Afghan human rights defender Mariam Atahi continues from far away

February 21, 2022

Mariam Atahi left Afghanistan for safe haven abroad in August 2021 with financial assistance from Journalists for Human Rights and the Daniel Pearl Foundation. However, her fight for women’s rights continues, uninterrupted.

As the Taliban began its ‘humanitarian talks’ last month in Oslo, Mariam called for the release of three fellow activists, allegedly detained for protesting against the closure of women’s universities. “It hurts me,” she said, “…to not have any information or hope to give their families asking questions about their whereabouts.”

As co-founder of the Feminine Perspectives Campaign, Mariam has been leading a fearless movement to demand accountability for the violation of women’s rights by the Taliban. In 2016, she and four colleagues interviewed women from different provinces to document “what women exactly want” and presented them during the 2016 talks with the Taliban in Qatar. They stressed that the freedom to study, work and participate in public life is important to women in urban Kabul and rural provinces alike.

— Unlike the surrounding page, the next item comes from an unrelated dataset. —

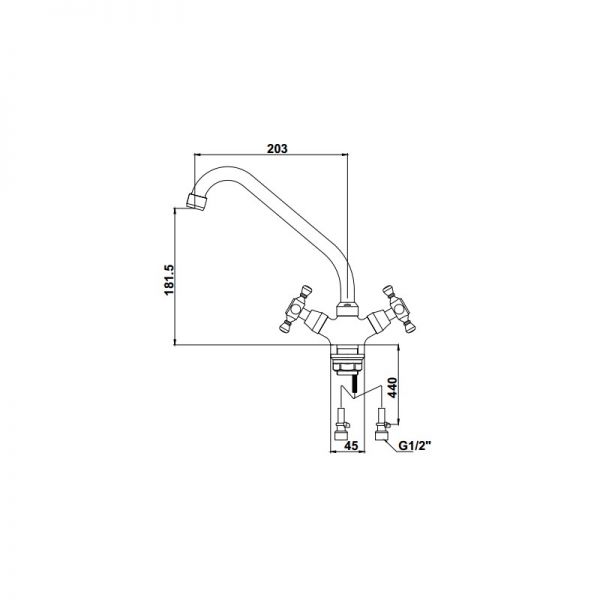 двухвентильный смеситель для мойки, монтаж на раковину или столешницу

This work put a target on her back. In late 2019, Mariam was working as a communications specialist at Save The Children and was informed by the National Directorate of Security in Afghanistan that she’s on the Taliban’s hit list. At the time, she was used to fielding multiple ‘mysterious calls’ a week. However, the NDS insisted she take the risk more seriously. Mariam applied for an emergency visa to India and relocated to Delhi for two months. When she returned in early 2020, the threats continued. She changed her look, her route to work and her schedule – but kept on working. In 2021, she took on a communications role with UNICEF.

Fighting for women and children’s rights is in my blood. When I see women suffering, I feel responsible. I want to build a bridge for them to reach their dreams. I have to do this work for the rest of my life.

After the Taliban takeover, Mariam decided to leave Afghanistan for a safer location where she can continue her work.

‘In Kabul, I always felt like someone is knocking at my door. I want to set myself in a better position, so I’m able to mobilize more resources to help my people. I hope to see the international community show their solidarity with Afghan women and make a solid, genuine commitment to safeguarding their rights.”